Googlebot will pick up anything that can't run away on its own two feet.

glitterball

5:19 pm on Jul 24, 2004 (gmt 0)

The ASP (IIS) version of this is discussed here:

[webmasterworld.com...]

balam

7:30 pm on Jul 24, 2004 (gmt 0)

jdMorgan...

> Are you using an HTTP/1.0 client? If so, you'll need to add another RewriteCond [...]

Um, why?

> RewriteCond %{HTTP_HOST} .

This is saying "If there's a HTTP_HOST header AND [more rewrites...]", correct?

When trying to figure out what this looping condition is about, I did notice this in RFC 2616 (and 1945 & 2068):

Note: When automatically redirecting a POST request after
receiving a 301 status code, some existing HTTP/1.0 user agents
will erroneously change it into a GET request.

This has nothing to do with my question, right? (And can't be controlled at the server-side, I should think...) Actually, that seems to be a stupid question, but I just thought it was something worth noting...

jdMorgan

7:41 pm on Jul 24, 2004 (gmt 0)

>> Are you using an HTTP/1.0 client? If so, you'll need to add another RewriteCond [...]

> Um, why?

HTTP/1.0 clients do not provide a Host: request header.

Therefore, the %{HTTP_HOST} environment variable will be empty if the request comes from or through an HTTP/1.0 client or proxy.

If the condition "RewriteCond %{HTTP_HOST} !^your_hostname_here" is used alone without checking for the existence of a hostname first, then that condition will match a blank hostname, and the redirect will occur for every request. The client and server will end up in a 301 redirect loop, until one or the other reaches its redirection limit.

Jim

Marcia

9:22 pm on Jul 24, 2004 (gmt 0)

BTW, I once brought a whole Front Page site down for a day by putting something into .htaccess - by itself, separate from those proprietary entries.

Is the mod_rewrite directive better and safer to use (for Ink/Yahoo) than just Redirect 301 with mod_alias?

jdMorgan

9:52 pm on Jul 24, 2004 (gmt 0)

In cases where several domains and subdomains all point to the same Web root, Redirect 301 won't work, because requests for *all* domain name variants will go to the same place, use the same .htaccess file, and get redirected. So you get a loop. Redirect 301 only works if the requested URL and the redirect URL resolve to different spaces (either domain, directory, or URL-path must be different & unique enough to avoid the loop).

The advantage of mod_rewrite is that it can test the requested Host HTTP header, and redirect only if it is "wrong" -- i.e. not the one you want to be known by. The problem comes in where a true HTTP/1.0 client is involved in the transaction. In that case, no Host header is sent with the request and as a result, there is nothing there for mod_rewrite to test. So the above code modification prevents a loop in that case.

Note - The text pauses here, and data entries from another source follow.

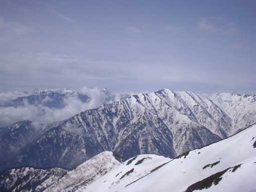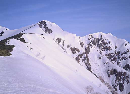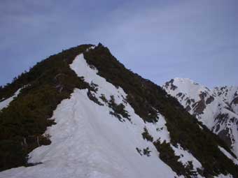 2198メートルのピークは小冷沢側を巻くと書いてあるものもあり、実際トラバースしている人もいたが、稜線にもどるタイミングが分からなくなるといやなので稜線通りに登った。数人先を登っていた。ここはかなり急な雪の斜面もあるし、稜線上は雪が溶けハイマツやごろごろした岩が露出しており、歩きにくい所もあった。7:00ころ2198ピーク。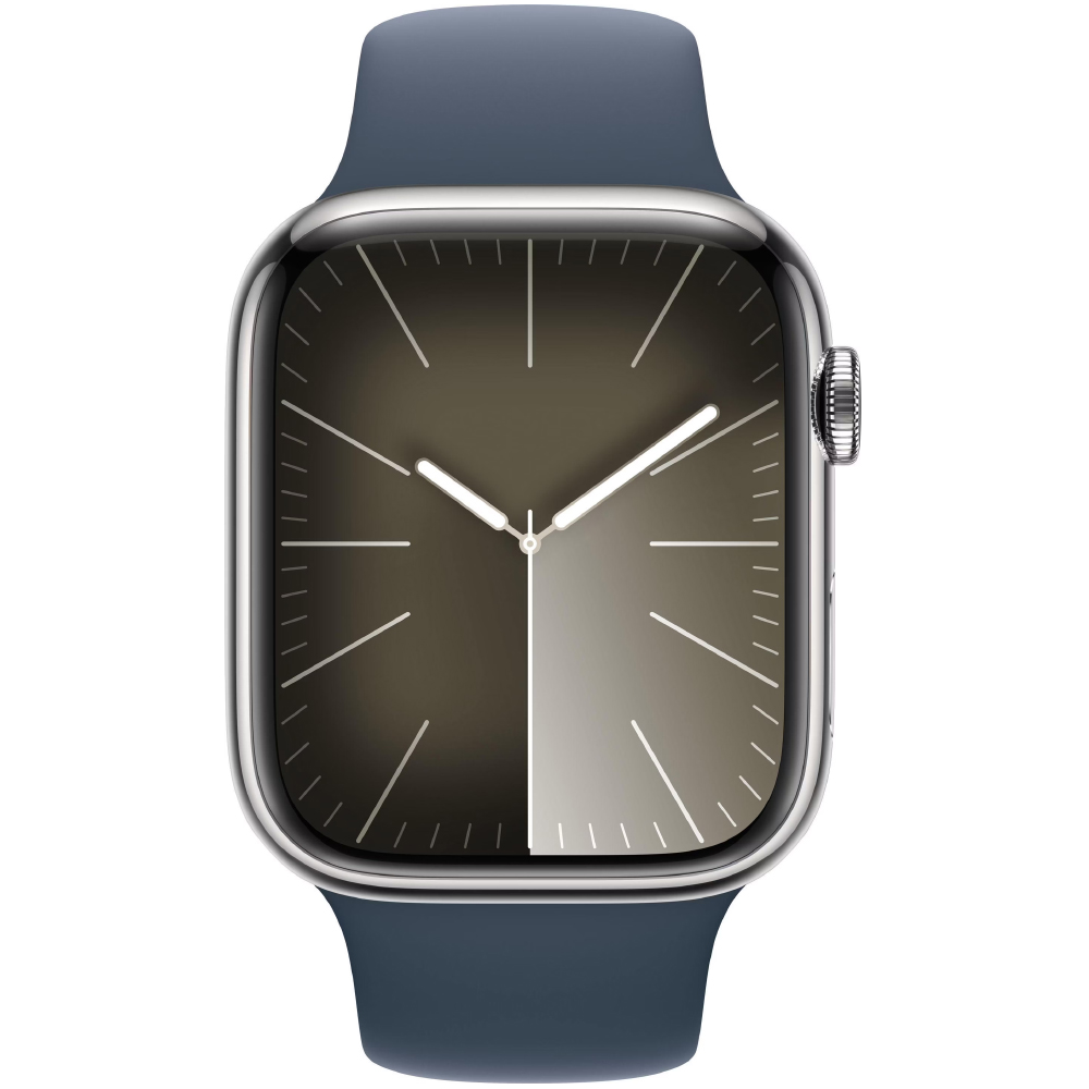 Apple Watch Series 9 45mm GPS eSIM NFC IP6X Stainless Steel Case Silver με Storm Blue Band MRMN3QF/A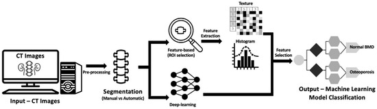 - Tong, X.; Wang, S.; Zhang, J.; Fan, Y.; Liu, Y.; Wei, W. Automatic Osteoporosis Screening System Using Radiomics and Deep Learning from Low-Dose Chest CT Images. Bioengineering 2024, 11, 50. [Google Scholar] [CrossRef]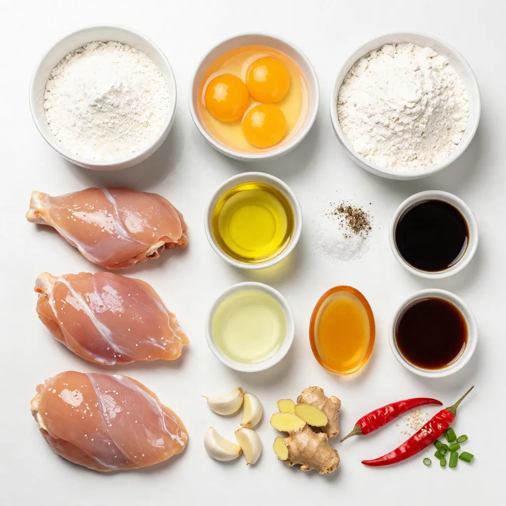 You need chicken thighs for the best flavor. They stay juicy while cooking. For the coating, mix cornstarch, all-purpose flour, baking soda, salt, and black pepper. This mixture gives the chicken a crispy texture. The egg wash helps the coating stick well.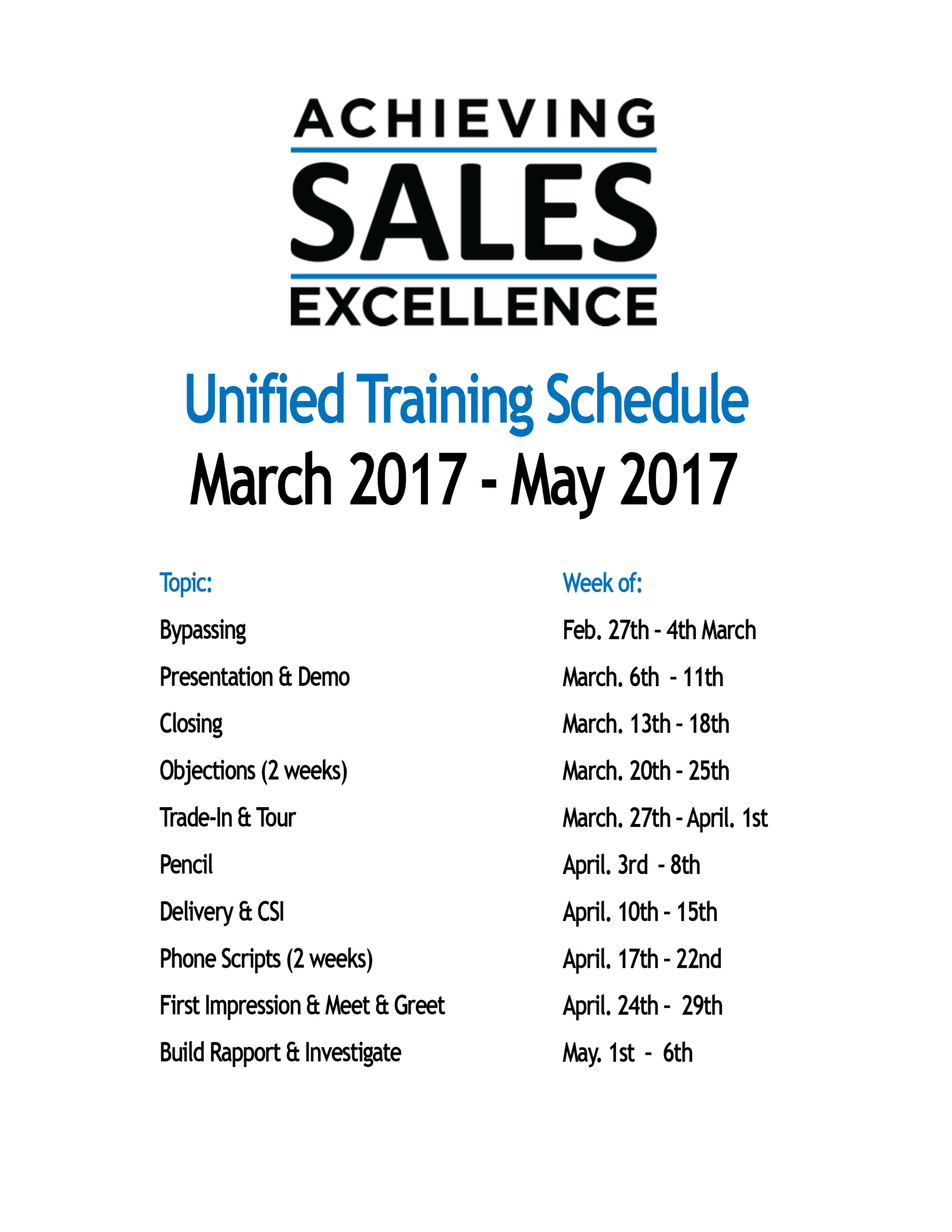 Its been a while since we’ve used the Unified Training Schedule. Lets please get back to this. A Unified Training Schedule allows all of our stores to be on the same page when it comes to your “Achieving Sales Excellence” Training. When the COE partners visit the stores, we will be assisting with the week’s training in any way that we can.

The Host header was added in HTTP/1.1 in order to support shared IP addresses. Without the Host header, the server has no idea which virtual server to steer the request to. As a result, HTTP/1.0 is almost dead today, because it won't work with shared IP addresses. But there are still a few holdouts.

It is one thing if you're on a ahared IP and HTTP/1.0 requests can't access your site. But it's potentially worse if HTTP/1.0 requests *can* access your site but your code makes them to go into a loop and possibly crash your server!

Note that although Google and several other search engines "advertise" in access logs as HTTP/1.0 clients, they *do* send a Host header, and they do support many HTTP/1.1 functions. I think they advertise as HTTP/1.0 in order to at least function with servers that don't support HTTP/1.1, while not giving up all of the advantages of HTTP/1.1

Jim